Peter Bond
The phrase fantasy of separation was coined to draw attention to an obstacle to sustainable development—the mistaken belief that we are separate from the biosphere (Nichols and Seeley, undated). Living this fantasy means we don’t recognise ourselves as part of Nature, as biological entities, nor as the last representatives of the hominid species.
I wish to explore here the impact of removing this obstacle on our understanding and teaching of enterprise and innovation as a precondition for truly sustainable development. I begin with a simple model of organism and environment relationships I will call the organism-medium system (O-MS) which was developed independently by a psychologist Timo Järvilehto (1998), and two biologists, Humberto Maturana (e.g., 1997) and Francisco Varela.
The O-MS is a single unit of analysis and acts as the basis of a mechanism for explaining living systems behaviour. For brevity’s sake, I will treat the medium as a niche, that part of the biosphere we engage with directly constituted by: i) materials we consume; ii) others of our kind and; iii) other organisms with which we have a symbiotic or mutually supportive relationship as part of a network of life. The model highlights a reciprocal relationship between the organism and its niche. Persistence of an organism over time indicates it has maintained fitness with it. Evidence an organism has evolved implies it has co-evolved with its niche, so maintaining the integrity of the organism-medium system. This, we might say, is the normal situation, but there is something extraordinary about the evolution of the Human Organism-Medium System (HO-MS), which might explain the Western world’s widespread belief in the fantasy of separation.
Paleoanthropologists and archaeologists have revealed a startling fact about our evolutionary trajectory they call the sapient paradox (e.g., Renfrew, 2010). The fossil record suggests homo sapiens has not evolved biologically for 150, 000 years or so, not much anyway. What has evolved, very evidently, is human culture, by which I mean all the practices and the resulting artefacts, from tools to organizations, and the buildings, transport and trading infrastructures that set us apart from other animals. This apparent disconnection of biological and cultural evolution is unprecedented in the animal world and has proven difficult to explain. What is more, some evolutionary biologists now argue the natural environment is not humankind’s niche after all, rather it is our culture (e.g., http://lalandlab.st-andrews.ac.uk/niche/index.html). Cultural space, then, acts as a buffer between humankind and the natural environment and mediates our relationship with it. Cultural spaces explain our success as a species. They are constructed in the dynamic interplay between the human organism and its medium and so emerge in their uniqueness and variety from different landscapes or naturescapes.
The material and climactic character of different naturescapes is reflected in the practices and artefacts created through uniquely human inventiveness and enterprise. Technology represents our collective ability to respond to changes in our niche through problem solving to the extent that culture can be conceived as an archive of solutions (Rammert, 1997). But now cultural evolution is The Problem. Cultural space expanded to the point where we are barely aware of Nature, except when it reminds us of its existence through volcanic eruptions, and abnormal weather conditions. It’s not surprising that we live a fantasy of separation, but our dependence on the biosphere remains an incontrovertible fact.
Yes, culture has separated us from Nature. Yes, cultural spaces are beneficial, they are what enables us to survive almost anywhere on the planet. However it will be evident from the brief introduction to the organism-medium system model that survival of the organism involves consumption of the niche.
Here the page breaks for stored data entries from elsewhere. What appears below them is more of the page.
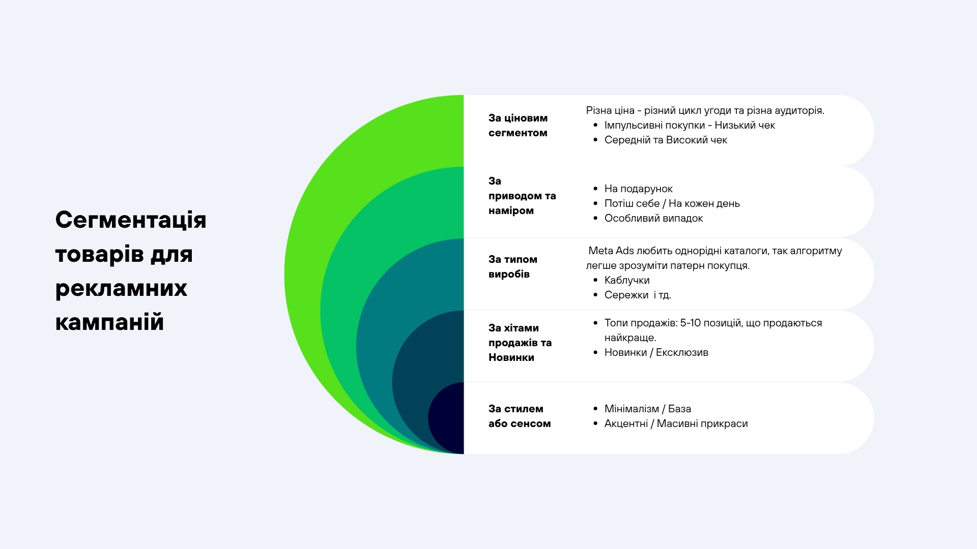 Meta Ads bevorzugt homogene Kataloge, da es dem Algorithmus leichter fällt, das Kaufmuster zu erkennen. Daher müssen Schmuckstücke für Werbekampagnen unbedingt segmentiert werden: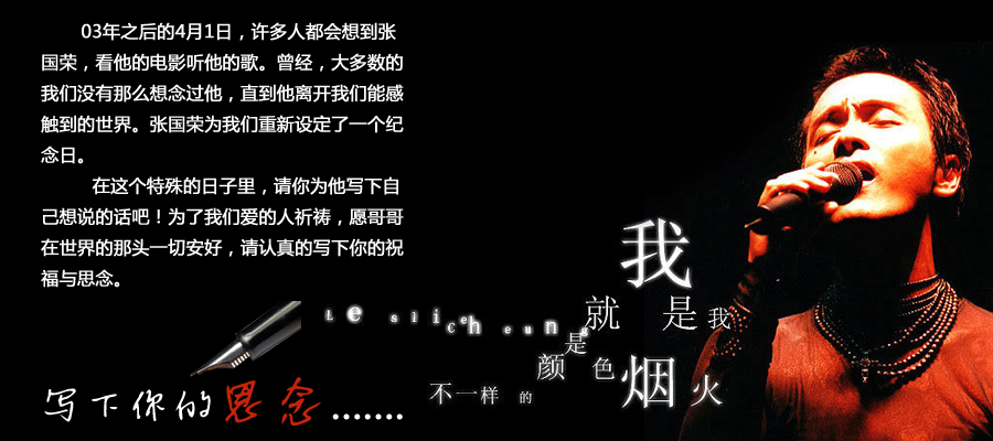 我没记得什么愚人节,我只知道那天是哥哥的日子。明天是哥哥张国荣九年的忌日,哥哥总是带着最优雅的微笑,天使般的面孔,他不喜欢穿袜子喜欢背个小包包到处跑。哥哥,九年了,天国安好?
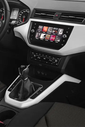 La calidad percibida en un SEAT León, a nuestro juicio, es superior de la presente al subir a bordo de un SEAT Arona. Aquí también es cierto que hemos de tener muy en cuenta que el Arona ha tomado un rumbo de diseño interior diferente al de su hermano mayor. En el Arona nos encontramos con acabados muy visuales y llamativos, como algunos de los coloridos que hay disponibles para la zona central del salpicadero, si bien es cierto ha sido revestida de un material sencillo, plástico duro, salvo en versiones que como las FR recurren a un material mullido con una costura visible en rojo.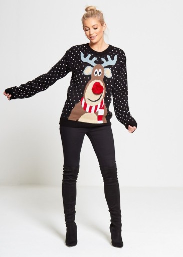 SWETER ŚWIĄTECZNY Z RENIFEREM NOS 3D CZARNY R M/L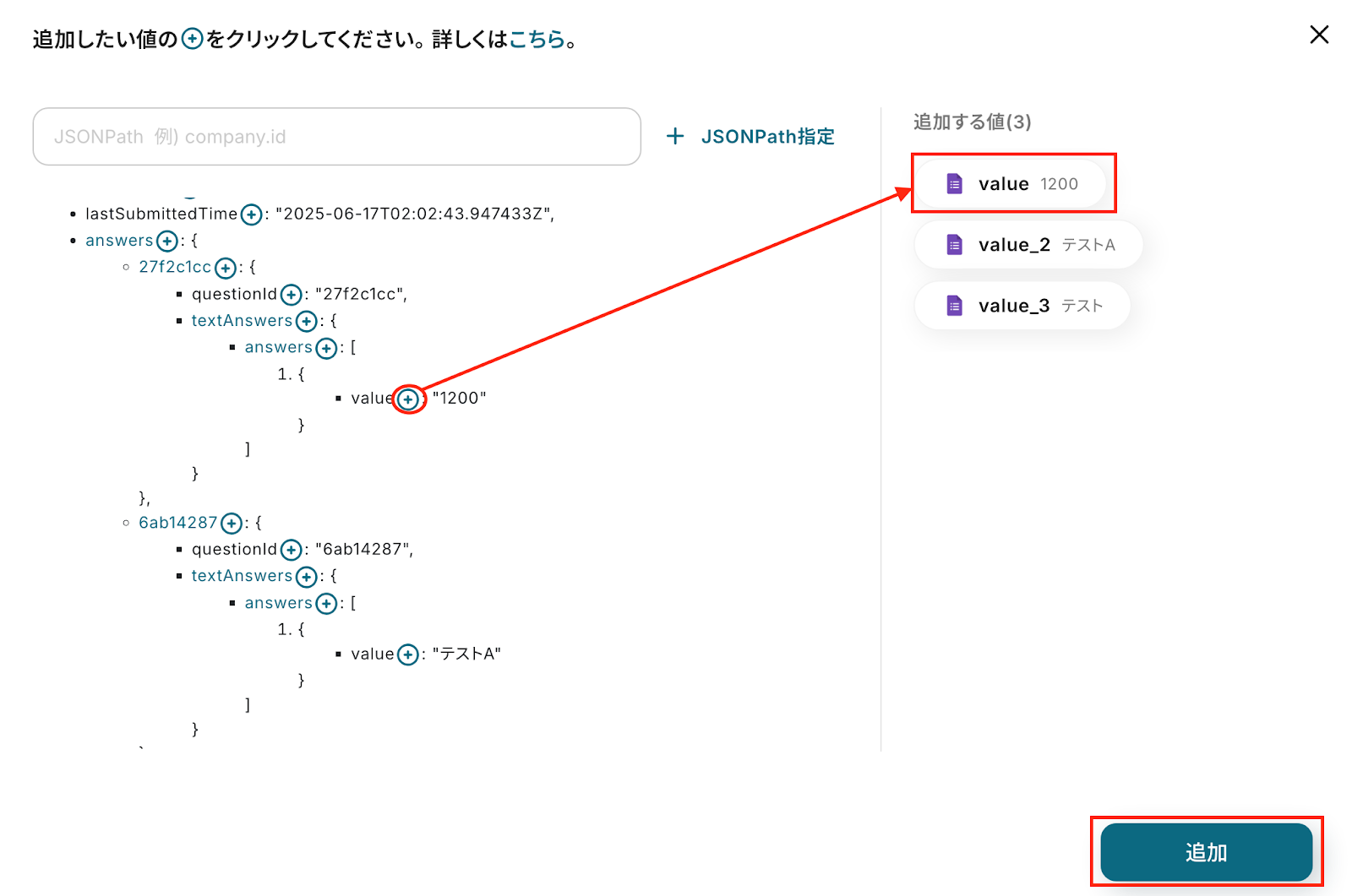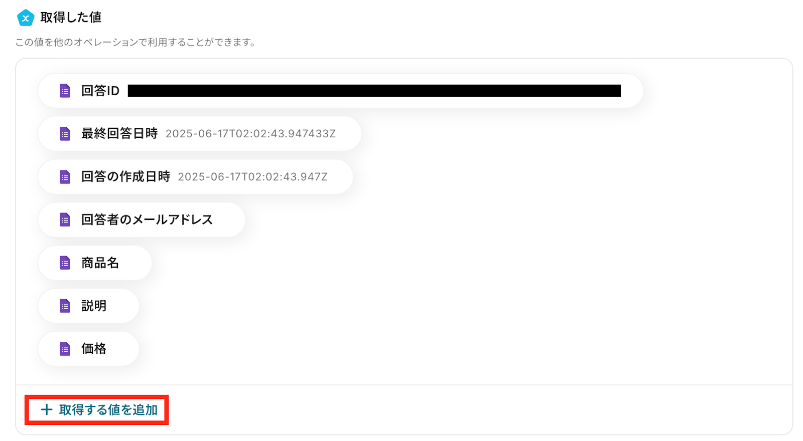 - 最後に、オペレーションでNotionの「レコードを追加する」アクションを設定し、取得した商品情報をNotionの指定データベースに追加します。

Normally this is replenished by the cycle of life in a connected system of living entities. However, as we have learnt, the construction of cultural niches also involves consumption of the medium of operation. This is the essence of cultural niche construction. Because of the extent to which the cultural niche has now displaced the natural one and due to our fantasy of separation, we don’t perceive the unsustainable consumption of the natural world, our ultimate medium of operation. The most significant consequence of living the fantasy of separation is we attempt to conserve cultural relations and not relations with nature. Our approach to enterprise and innovation education generally serves only to conserve a culture that is dysfunctional in the long term. How do we escape this dilemma?
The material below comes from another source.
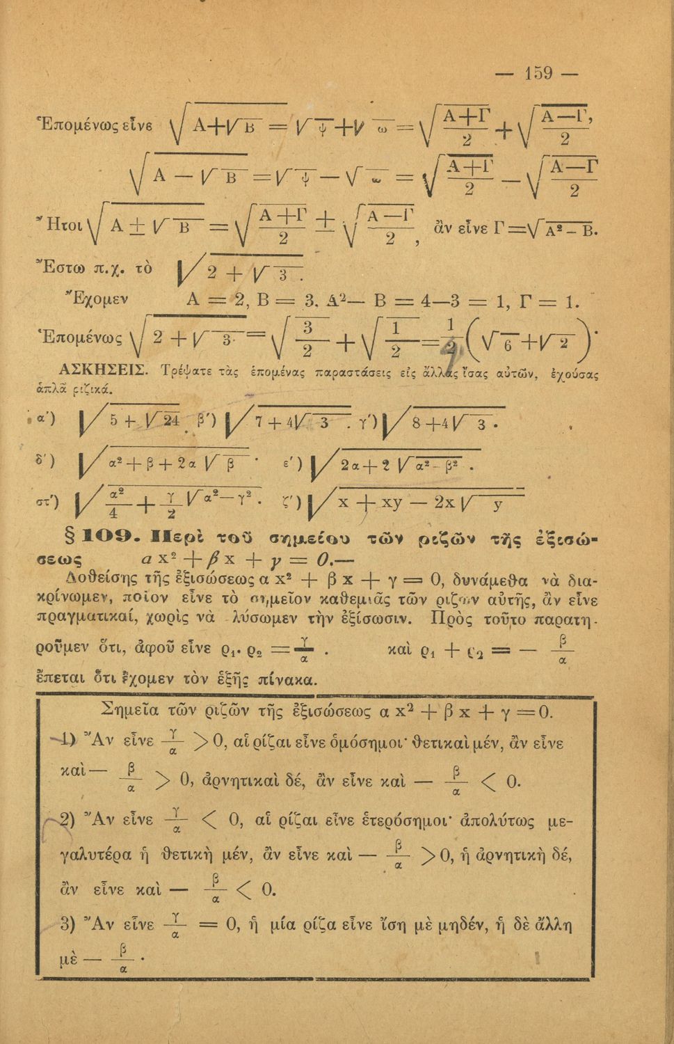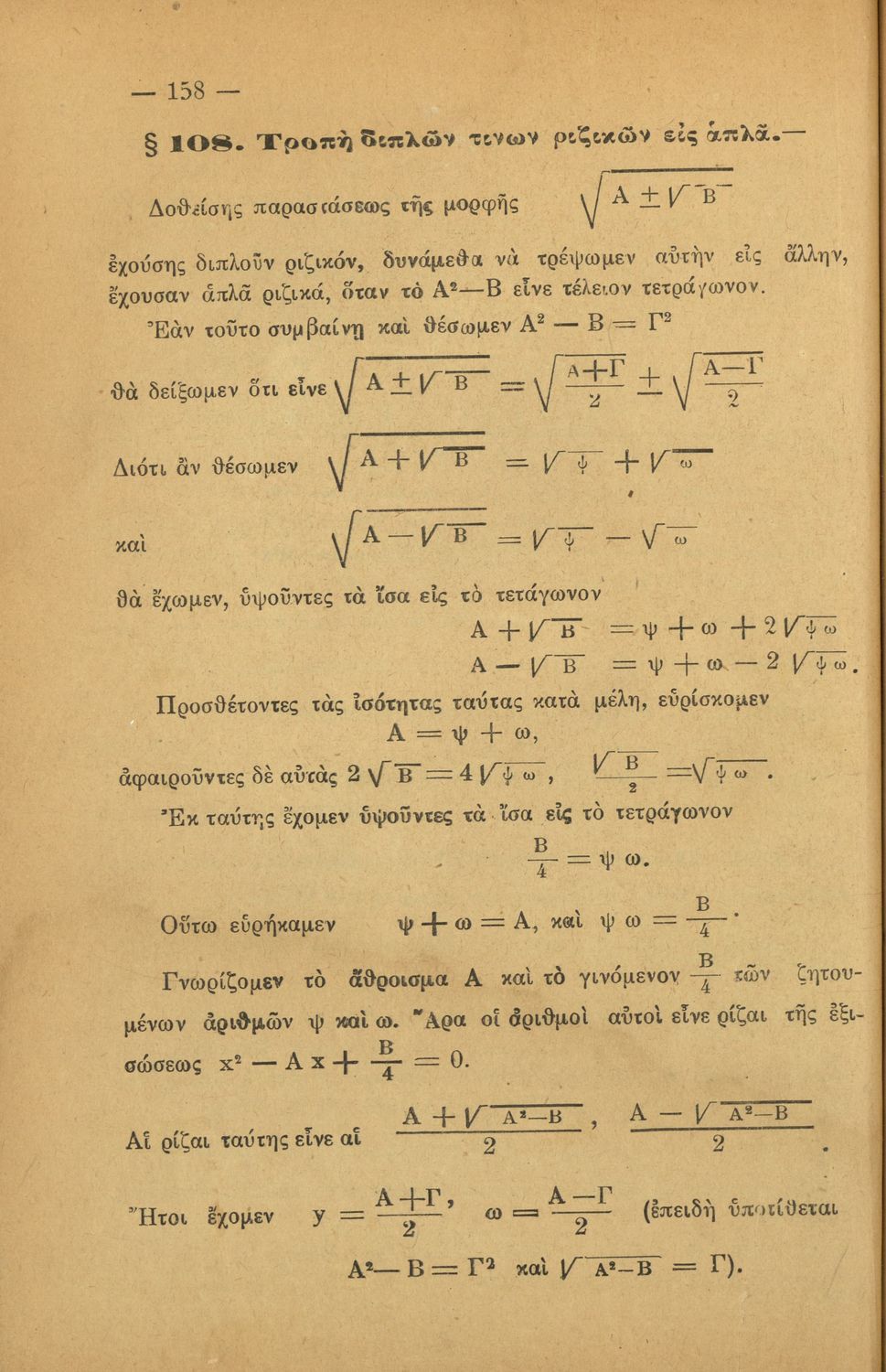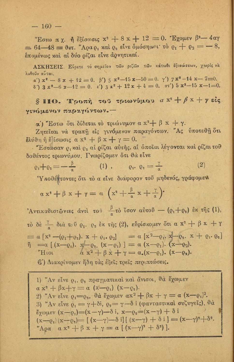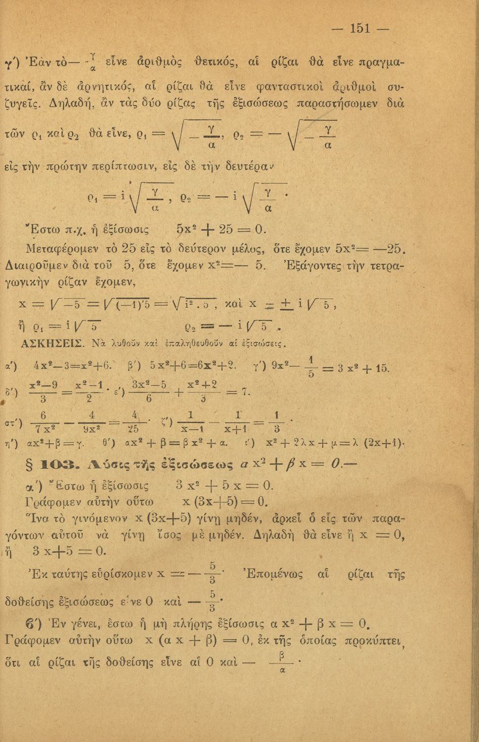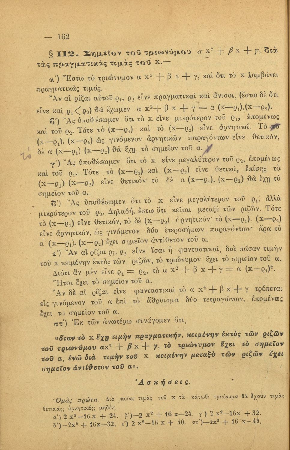 Σχολικό εγχειρίδιο Άλγεβρας για τα Γυμνάσια χωρισμένο σε θεωρία και ασκήσεις. Ο συγγραφέας ήταν καθηγητής στο Πανεπιστήμιο Αθηνών.

My belief is we need to develop an anthropology of enterprise and innovation. This should have the purpose of encouraging and enabling critical reflection on the most recent period of economic and cultural history by placing it within the context of human evolution. After all, as the archaeologist Richard Rudgley (1999, p.1) says, The prehistory of humankind is no mere prelude to history: history is rather a colourful and eventful afterword to the stone-age.
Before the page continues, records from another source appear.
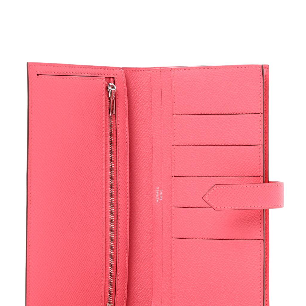 Hermes Bearn Gusset Rose Epsom Wallet PHW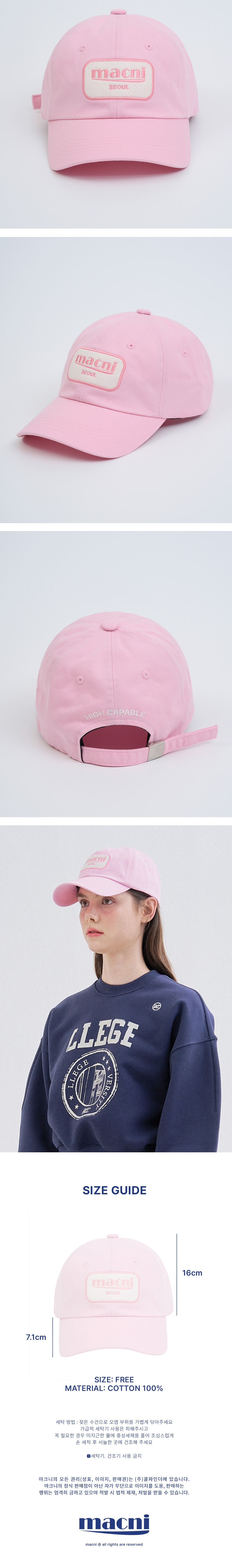 마크니 Y2K 로고 패치 볼캡 핑크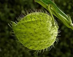 干燥种子呈纺锤形而扁,长约2厘米,宽约5毫米,基部钝,先端尖,顶部留有着白色丝状细长毛的痕迹,脐点在种毛附近的稍下方,种脊位于一侧,白色线状,微凸起,表面棕褐色,有纵纹,并微有扭曲。易折断,断面灰白色,角质,以手指挤压,有油脂溢出。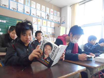 6年生の教室では、有名なサッカー選手の本を読んでいる児童もいました。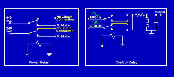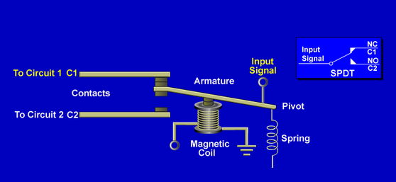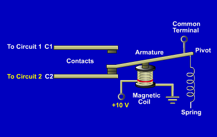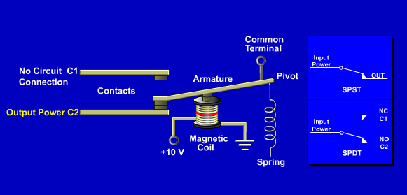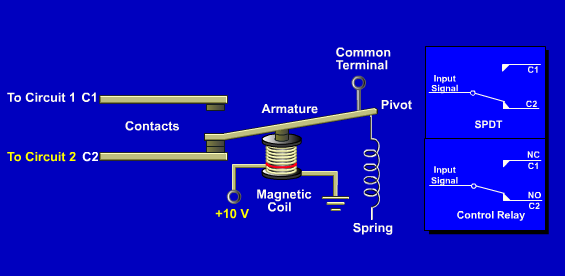 A control relay is a magnetically operated switch that directs signals. Each set of contacts is similar to asingle pole double throw (SPDT) switch.

Where can we begin this enterprise, what do we build an anthropology of enterprise and innovation on? First is the knowledge that homo sapiens did live sustainably for over 95% of our time on Earth, and when and where we failed to, there are numerous examples of cultural extinctions we can learn from (Diamond, 2005). Archaeologists and anthropologists know about these. Second is that biologically we should be capable of doing so again, and third we have examples of sustainable living in the form of hunter-gatherer and pastoral communities who survive today, even though they exist under extreme natural pressures and in danger of being overwhelmed by Western culture.